可否利用Invitrogen Neon转染体系进行多重转染?

可以,Neon体系可用于多重gRNA转染。

Cas9 mRNA:IVTgRNA的最佳比例是多少?

对于24孔板规格,我们建议的起始比例为每孔0.5 µg Cas9 mRNA:50 ng IVT gRNA。建议您通过剂量反应实验确定对于特定细胞系的最佳比例。

我对多重敲除非常感兴趣,请问如何采用GeneArt CRISPR进行多重敲除?

创建多个针对您的目标区域的gRNAs,然后与GeneArt CRISPR核酸酶mRNA或GeneArt Platinum Cas9核酸酶共转染。要获得与Cas9 mRNA一起使用的gRNAs,使用带有U6启动子的GeneArt CRISPR Strings DNA或IVT的 gRNAs(使用GeneArt CRISPR Strings DNA,T7或GeneArt Precision gRNA 合成试剂盒生成)。对于Cas9蛋白,使用IVT的gRNAs(使用GeneArt CRISPR Strings DNA,T7或GeneArt Precision gRNA合成试剂盒生成)。

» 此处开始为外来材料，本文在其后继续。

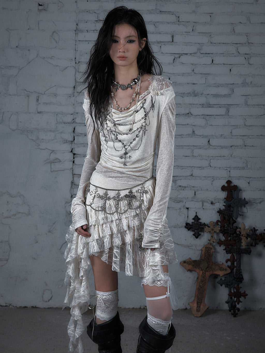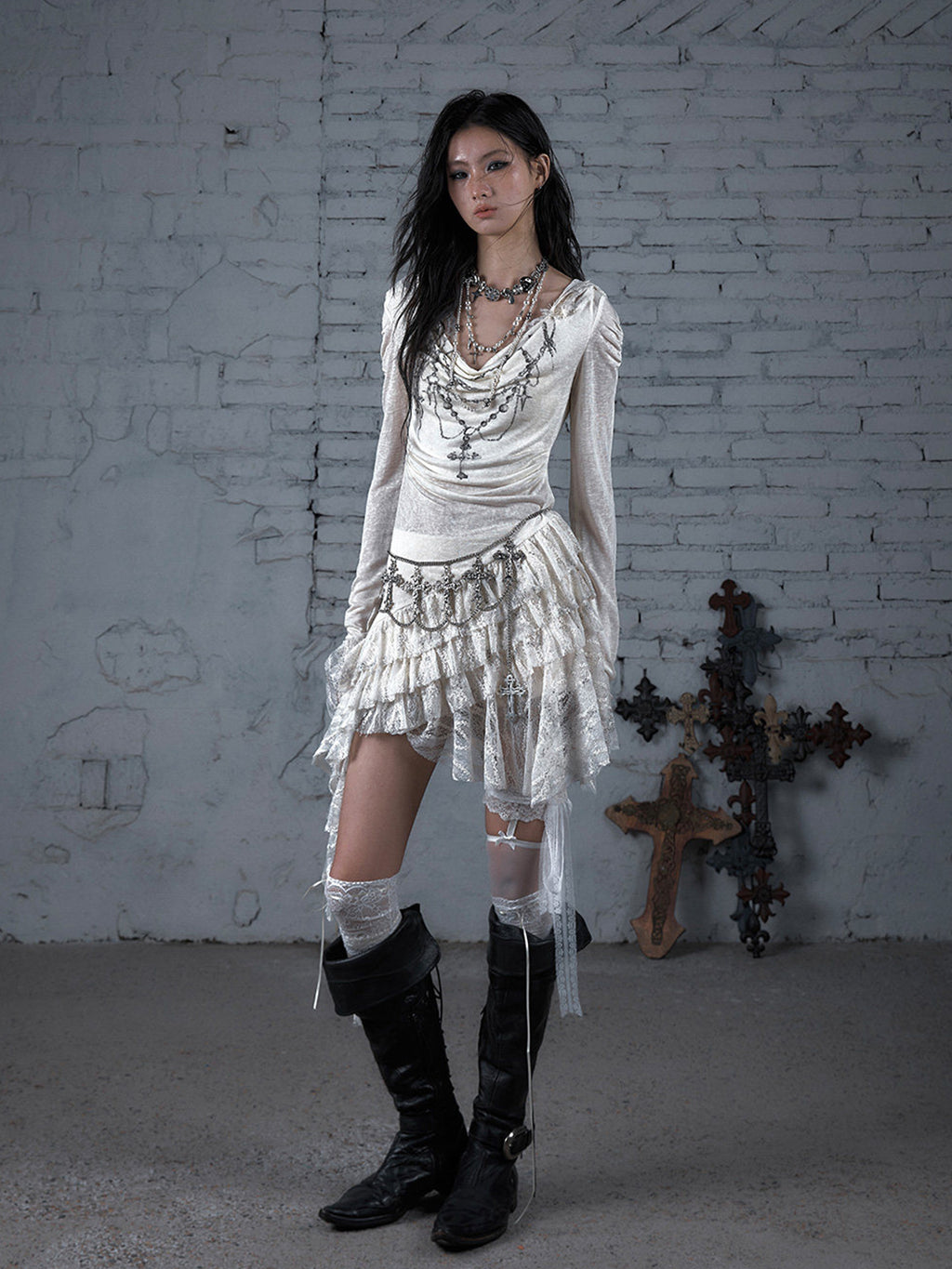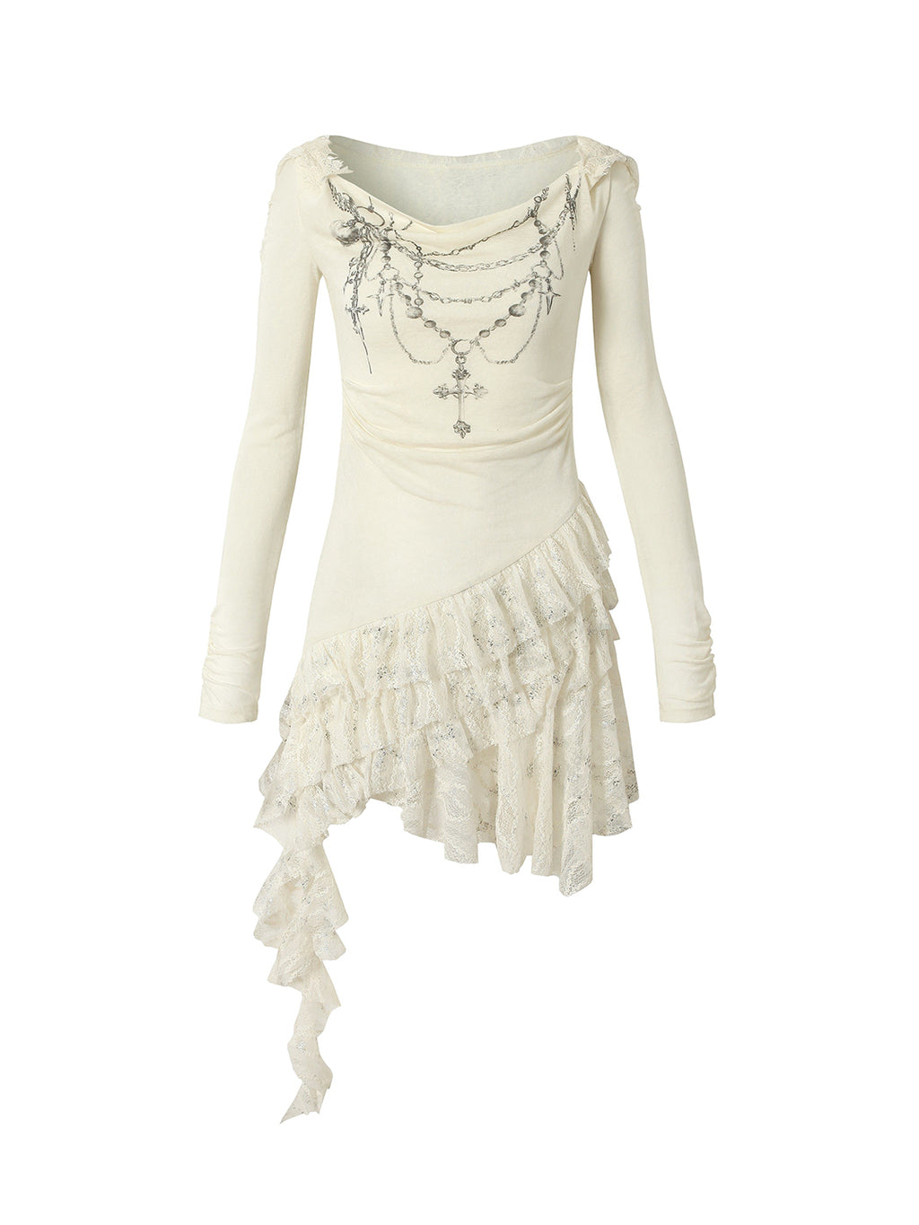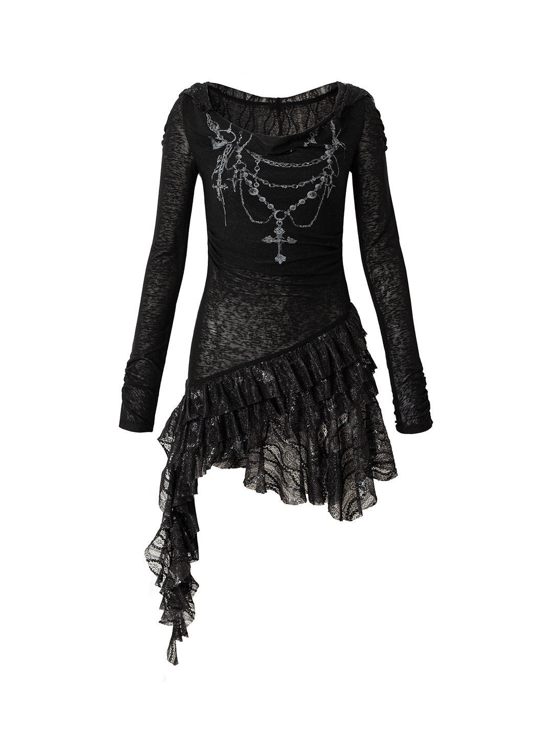 NO ROMANCE | Lace Knit Bottom Long Sleeve Hooded Dress Skip to content
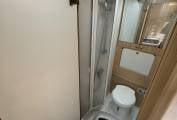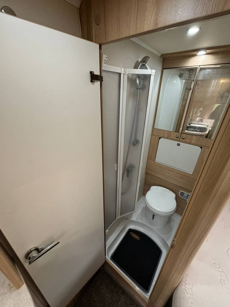 the bed. At the rear is also the washroom that comes with a shower, toilet cassette,
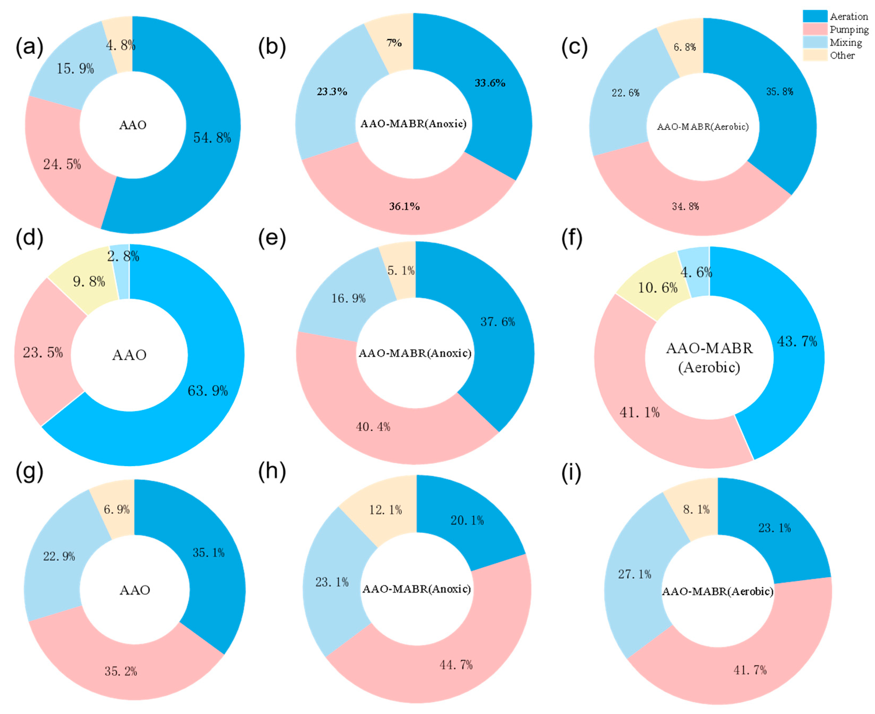 - Su, S.; Wang, C.; Lu, C.; Zhao, W.; Liu, C.; Chen, D.; Jiang, B.; Fan, X.; Zhao, Z.; Chen, Y.; et al. Carbon emissions from rural wastewater treatment using the anoxic-anaerobic-oxic membrane bioreactor process. J. Clean. Prod. 2025, 510, 145640. [Google Scholar] [CrossRef]
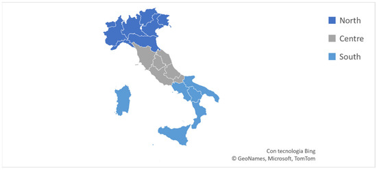 The analysis was carried out entirely using the three Italian macro territorial areas, the North, which comprises the regions of Valle D’Aosta, Piedmont, Liguria, Lombardy, Emilia-Romagna, Trentino Alto Adige, Veneto, and Friuli Venezia Giulia, the Centre, which comprises the regions of Tuscany, Umbria, Marche, Lazio, Molise, and Abruzzo, and finally the South, which comprises Campania, Apulia, Basilicata, Calabria, Sicily, and Sardinia, as shown in the following figure (Figure 3).
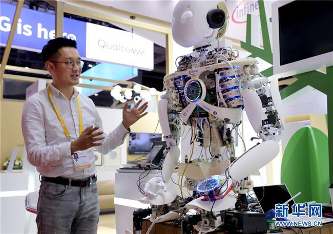 11月3日,科技生活展區(qū)的德國英飛凌公司的機(jī)器人Roboy已完成調(diào)試,它將在展會上和觀眾進(jìn)行多項有趣互動。新華社記者劉穎攝
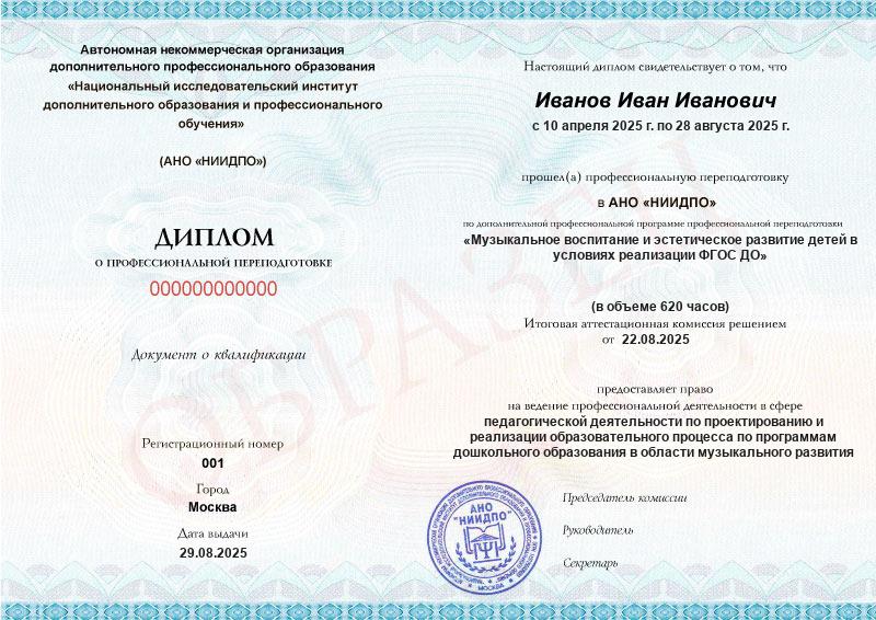 Студент, желающий поступить в АНО «НИИДПО», должен предоставить справку из образовательной организации. Независимо от срока окончания обучения по программе дополнительного образования, диплом о профпереподготовке выдаётся только после предъявления документа о получении среднего профессионального или высшего образования.
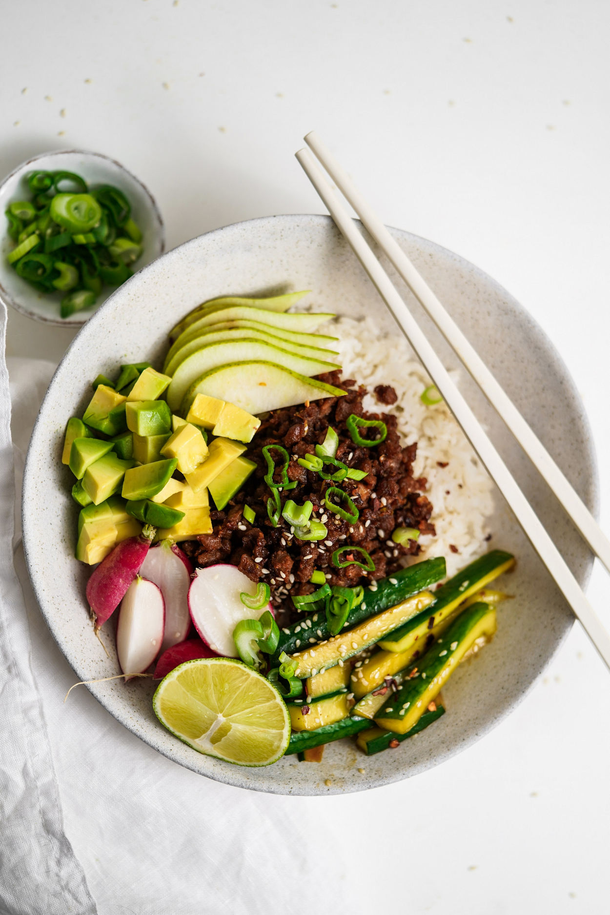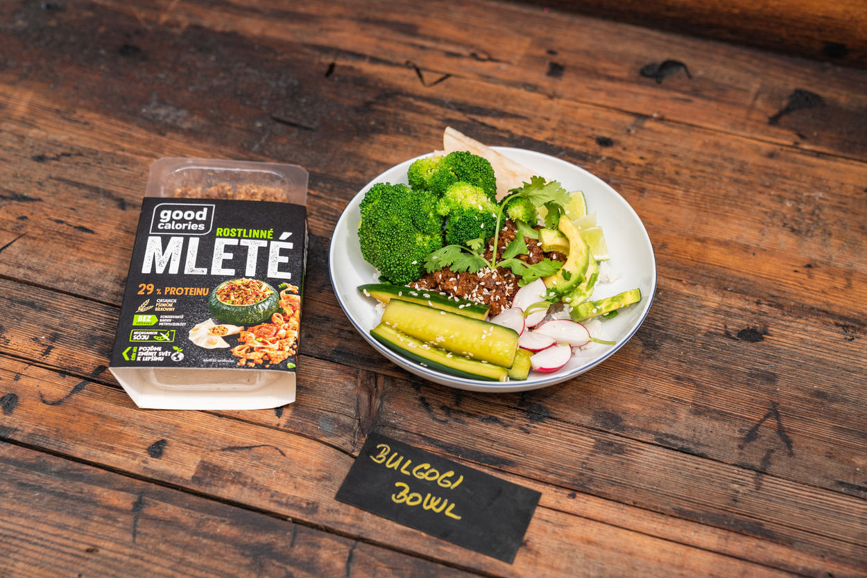 Druhým receptem je Bulgogi Bowl, což v překladu znamená „ohnivé maso“, i když v našem případě se opět nejedná o maso, ale o Rostlinné mleté od Good Calories, to lze využít všude tam, kde bychom běžně pracovali s klasickým mletým.
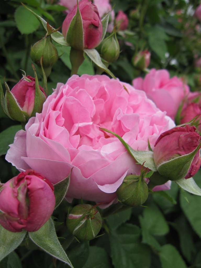 ピンクのフリルの花びらが美しい薔薇ですね。蕾もとてもかわいいですね。
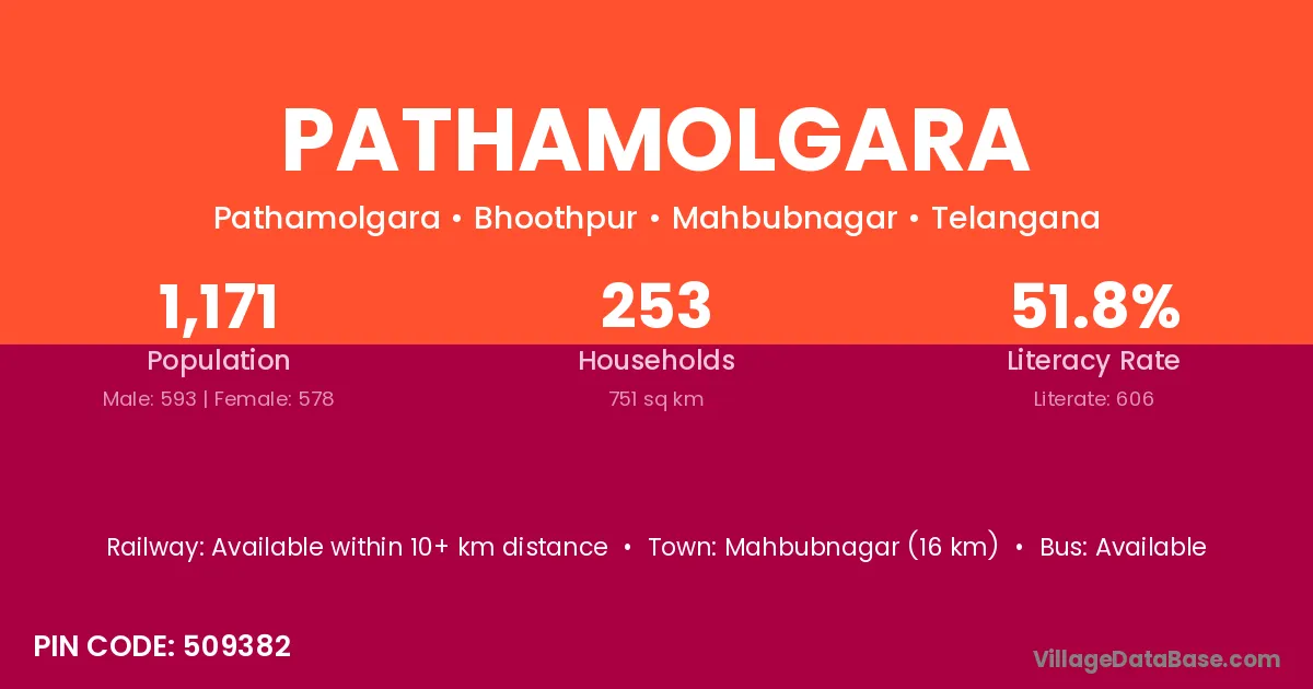 Mahbubnagar (16 km) is the nearest town to Pathamolgara village for major economic activities and is located approximately 16 km away.
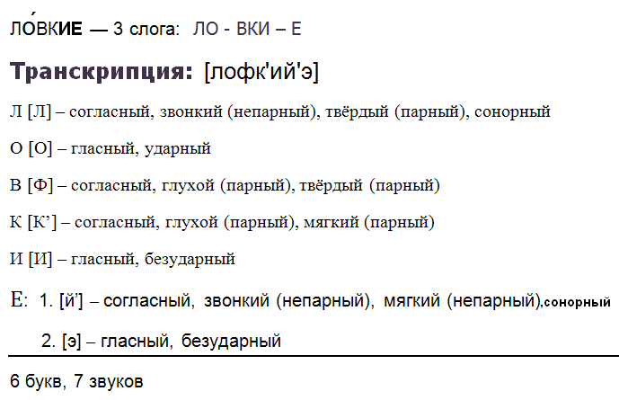 Фонетический разбор слова «ЛОВКИЕ»
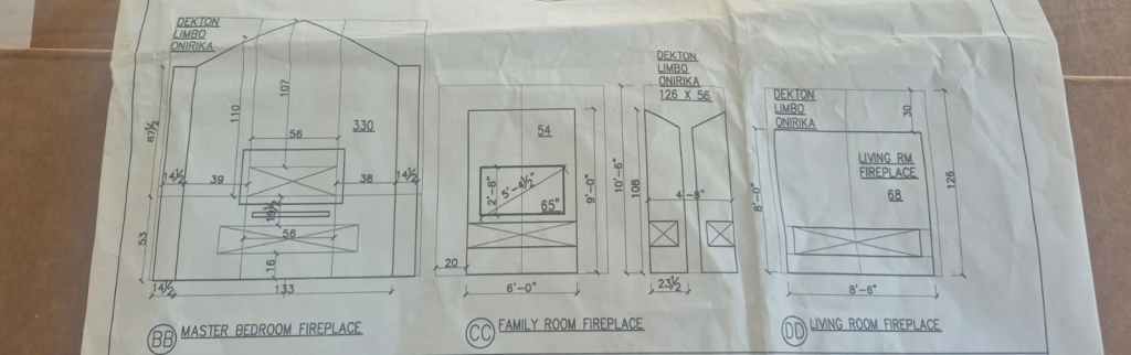 | INSTALACION DE 3 FIRE PLACE CON DECKTONE SLABS, LIMBO ONIRIKA 8,MM DE 126″ X 56″ | |||
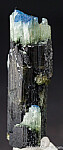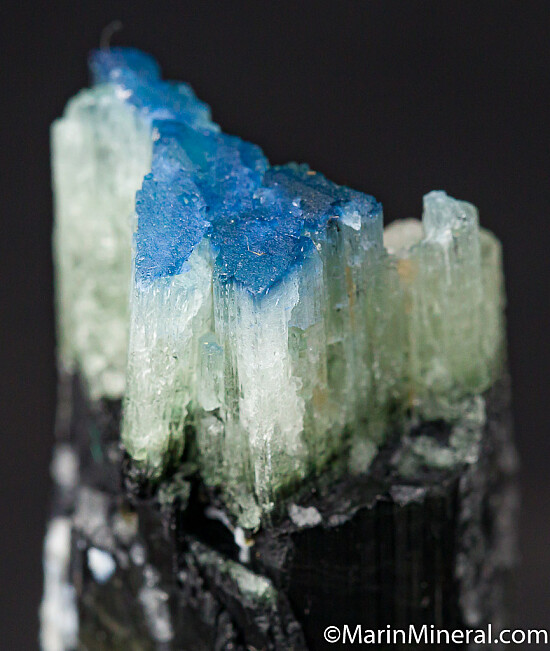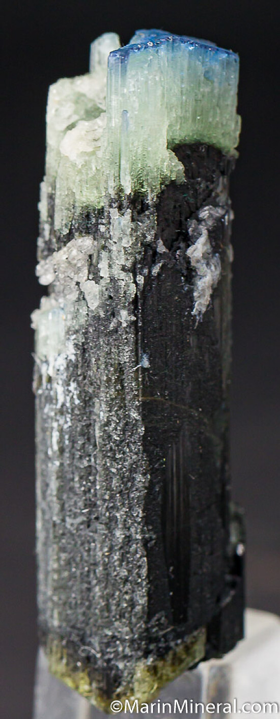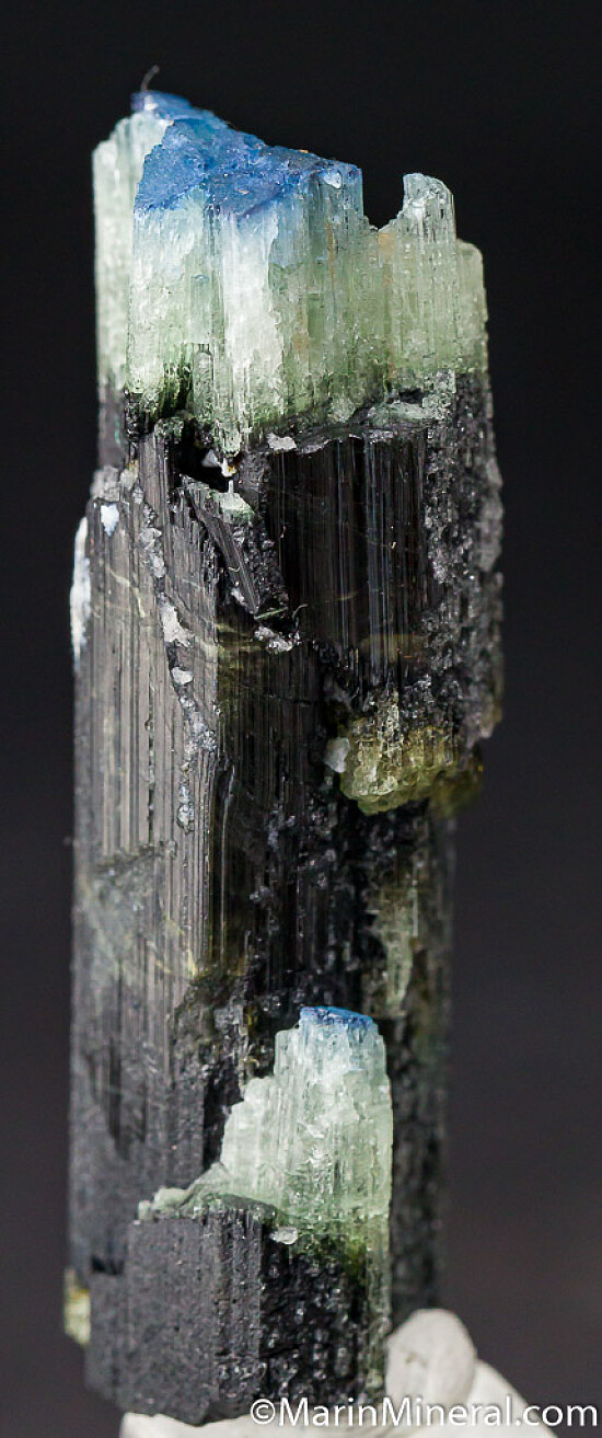 Blue capped Dravite crystal from an unusual, one time find in 2017. There is slightly translucent to opaque dark base followed by a translucent to transparent white zone, then a deep blue cap. The termination (blue and white zones) is partially etched but undamaged. It's also partially double-terminated with green coloration on the other end. Rare coloration for Dravite.
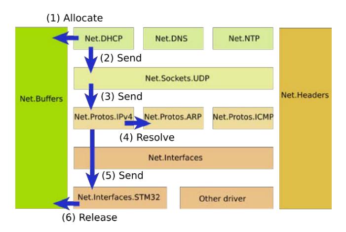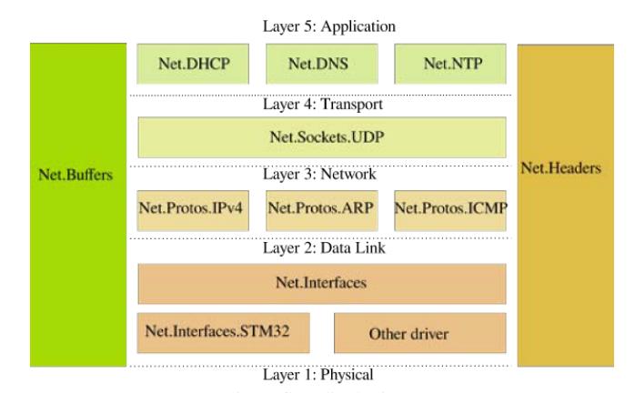 Використовувані всіма стеками мережевих протоколів, пакети Net.Buffers та Net.Headers надають глобальні типи даних та абстракції для представлення мережевого пакета або заголовка протоколу повідомлення. У нижній частині мережевого стека пакети Net.Interfaces та Net.Interfaces.STM32 відповідають рівню передачі даних моделі OSI, відповідальному за відправлення та отримання необроблених пакетів. Над ним (транспортний рівень у моделі OSI) розташований пакет Net.Protos.IPv4, який обробляє протокол IPv4 [4], пакет Net.Protos.ICMP, який обробляє протокол ICMP [5], та пакет Net.Protos.ARP [6], відповідальний за перетворення адреси IPv4 в Ethernet.

能否在已有的CRISPR-Cas9质粒中插入筛选标志物,如新霉素或者荧光标志物?

可以,如果您使用目前的GeneArtCRISPR核酸酶载体,请留意对应的有限使用商标许可(LULL)。

某些文献中使用了其他的PAM序列,如NNNGATT、NNAGAA或NAAAAC。能否使用这些序列替代NGG?

不可以,对细菌来说,用于Cas9的PAM序列是特定的。GeneArt试剂盒中的Cas9来源于 Streptococcus pyogenes(酿脓链球菌)。

什么是PAM序列?

PAM具体是指前间区序列邻近基序,是Cas9成功结合到DNA上所必需的。GeneArt CRISPR试剂盒中Streptococcus pyogenes(酿脓链球菌)Cas9的PAM序列就是NGG。

我对使用CRISPR体系通过HDR而不是NHEJ修复来修饰特定的基因感兴趣,应该如何操作?

将CRISPR-Cas9编辑复合物(DNA载体,mRNA或蛋白)以及修复模板共转染入细胞,其中修复模板中含有与目的序列高度同源的序列以及需要导入的DNA序列。这样,就可以通过HDR将特异性编辑(突变、插入等)引入基因组了。

如何判断我的CRISPR基因组编辑实验是有效的?

可以通过GeneArt基因组切割检测实验检测切割效率。该实验通过可以识别错配的核酸内切酶来检测细胞内NHEJ修复过程中产生的插入和缺失(indel)。

什么是Indel?

Indel指的是基因组中的碱基插入或缺失,可以通过NHEJ或HDR修复过程引入细胞。

在使用TALs之前,你们建议采用CRISPR做为筛选工具,这是出于什么考虑呢?

因为特定位点的切割效率取决于位点的易用性、染色质状态和序列,建议检测目标基因中的多个不同位点/区域。利用CRISPR-Cas9进行基因组编辑,对于不同的靶标,用户只需要改变19–20 bp的靶标特异性寡核苷酸。经过筛选细胞系并鉴别切割效率最高的序列/位点之后,可通过高特异性的Invitrogen GeneArt TALs(https://www.thermofisher.com/us/en/home/life-science/genome-editing/geneart-tals.html)精确创建生物学相关的突变。

切割活动的精确度如何?

切割具有较高的精确度,在Cas9和gRNA复合物结合到靶向基因组序列后,在PAM (NGG)位点上游3个碱基的位置处发挥核酸酶活性。

你们转染后多久对mRNA和蛋白表达敲低进行检测?

对于mRNA,我们最早在转染24小时后开始观察到敲低效果,在48-72时后观察到更高的敲低效果。

Cas9发挥其核酸内切酶活性之后会发生什么?

Cas9仅瞬时表达,会随着时间和细胞分裂而消失。

CRISPR-Cas技术能用于原核生物基因改造吗?

也许可以,但我们的体系不是针对原核生物设计的,仅仅针对哺乳动物体系进行了优化。请咨询我们的CRISPR客户服务(custom.services@lifetech.com)详细咨询。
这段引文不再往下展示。